AutoGluon Core
AutoGluon is an open-source AutoML library developed by AWS AI, designed to automate machine learning tasks with minimal code. It supports various data types, including tabular, image, text, and time series, enabling users to train and deploy highly accurate models efficiently. The current version is 1.5.0, with regular updates introducing new features, performance improvements, and bug fixes, typically on a quarterly major release cadence with interim patch releases.
Warnings
- breaking Models trained with an older version of AutoGluon are generally not compatible with newer versions. Users are advised to re-train models after upgrading the library.
- breaking Python 3.8 support was dropped in AutoGluon v1.2.0. Users on Python 3.8 will need to upgrade their Python environment to use v1.2.0 or newer.
- deprecated Several methods of `TabularPredictor` (e.g., `persist_models`, `get_model_names`, `get_pred_from_proba`) were deprecated in v1.0.0, started raising errors in v1.2.0, and were removed in v1.3.0.
- gotcha `autogluon-core` is a foundational package primarily containing core utilities, searchers, and schedulers for hyperparameter tuning. Most users performing machine learning tasks will interact with higher-level packages like `autogluon.tabular`, `autogluon.timeseries`, or `autogluon.multimodal` (via `pip install autogluon`).

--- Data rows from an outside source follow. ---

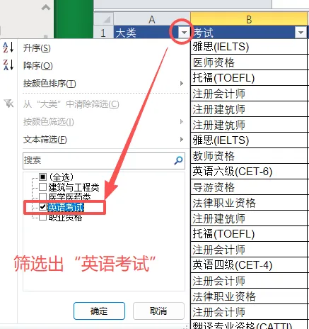 筛选出“英语考试”的数据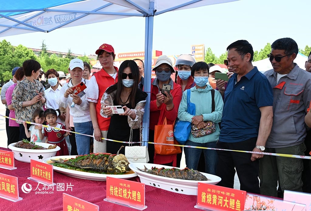 5月17日,“中國旅游日”主題周活動期間,河南省義馬市舉辦“櫻紅五月”美食節(jié),集中展示當?shù)氐奶厣朗场⒚麅?yōu)特產(chǎn),為了讓游客有更好的體驗,當?shù)?2家飯店還進行了精彩紛呈的廚藝大比拼?;顒蝇F(xiàn)場,游客在圍觀經(jīng)典豫菜“紅燒黃河大鯉魚”。人民網(wǎng)記者 王玉興攝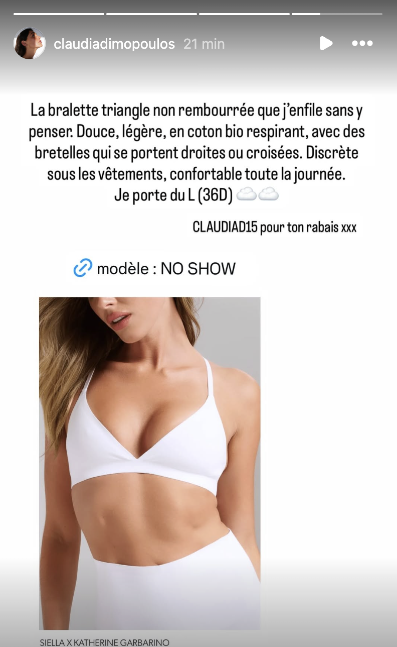 «La bralette triangle non rembourrée que j'enfile sans y penser. Douce, légère, en coton bio respirant, avec des bretelles qui se portent droites ou croisées. Discrète sous les vêtements, confortable toute la journée. Je porte du L (36D)», confie-t-elle, en glissant au passage un petit code promo afin que ses abonnées puissent profiter de leurs prochaines commandes à prix doux.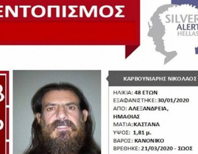 Αίσιο τέλος είχε η εξαφάνιση ενός 48χρονου, από την Αλεξάνδρεια Ημαθίας, ο οποίος αγνοούνταν από τον Ιανουάριο του 2019…

- gotcha The `extreme` preset for `TabularPredictor`, introduced in v1.4.0, often requires a CUDA-compatible GPU (ideally with 32+ GB vRAM) for optimal performance and is most effective for datasets with at most 30,000 samples. Inference time can also be longer than with other presets.
- gotcha Python 3.13 support, introduced in v1.5.0, is currently experimental. Some features may not be available when running on Python 3.13, particularly on Windows.

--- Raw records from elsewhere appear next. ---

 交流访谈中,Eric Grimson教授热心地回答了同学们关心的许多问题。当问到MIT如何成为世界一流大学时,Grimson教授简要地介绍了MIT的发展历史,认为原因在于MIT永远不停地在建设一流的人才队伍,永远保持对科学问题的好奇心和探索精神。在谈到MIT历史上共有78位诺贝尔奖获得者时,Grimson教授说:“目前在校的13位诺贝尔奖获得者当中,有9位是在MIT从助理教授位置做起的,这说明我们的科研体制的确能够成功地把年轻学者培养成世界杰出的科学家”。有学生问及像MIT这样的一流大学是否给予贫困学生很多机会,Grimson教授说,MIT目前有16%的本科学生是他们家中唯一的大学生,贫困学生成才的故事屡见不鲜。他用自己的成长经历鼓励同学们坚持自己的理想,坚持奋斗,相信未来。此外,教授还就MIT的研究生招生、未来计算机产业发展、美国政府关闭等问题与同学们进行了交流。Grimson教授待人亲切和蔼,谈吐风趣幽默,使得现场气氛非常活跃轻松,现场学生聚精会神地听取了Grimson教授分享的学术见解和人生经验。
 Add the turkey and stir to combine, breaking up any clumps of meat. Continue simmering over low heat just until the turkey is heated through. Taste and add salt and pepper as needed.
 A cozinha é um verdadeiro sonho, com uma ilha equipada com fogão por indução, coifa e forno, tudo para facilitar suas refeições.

- breaking For users previously using `"TABPFNV2"` as a model, AutoGluon v1.4.0 (and newer) strongly recommends switching to `"REALTABPFN-V2"` to avoid breaking changes related to the underlying TabPFN releases.
Install
-
pip install autogluon
Imports
- TabularPredictor
from autogluon.tabular import TabularPredictor
- TabularDataset
from autogluon.tabular import TabularDataset
Quickstart
import pandas as pd
from autogluon.tabular import TabularPredictor, TabularDataset
# Create a dummy CSV for demonstration
data = {
'feature1': [1, 2, 3, 4, 5, 6, 7, 8, 9, 10],
'feature2': ['A', 'B', 'A', 'C', 'B', 'A', 'C', 'B', 'A', 'C'],
'target': [0, 1, 0, 1, 0, 1, 0, 1, 0, 1]
}
df = pd.DataFrame(data)
df.to_csv('train.csv', index=False)
# Load data using TabularDataset
train_data = TabularDataset('train.csv')
# Initialize and train a TabularPredictor
label = 'target'
predictor = TabularPredictor(label=label, path='AutogluonModels').fit(train_data)
# Make predictions (example test data)
test_data = TabularDataset(pd.DataFrame({
'feature1': [11, 12, 13],
'feature2': ['A', 'B', 'C']
}))
predictions = predictor.predict(test_data)
print("Predictions:")
print(predictions)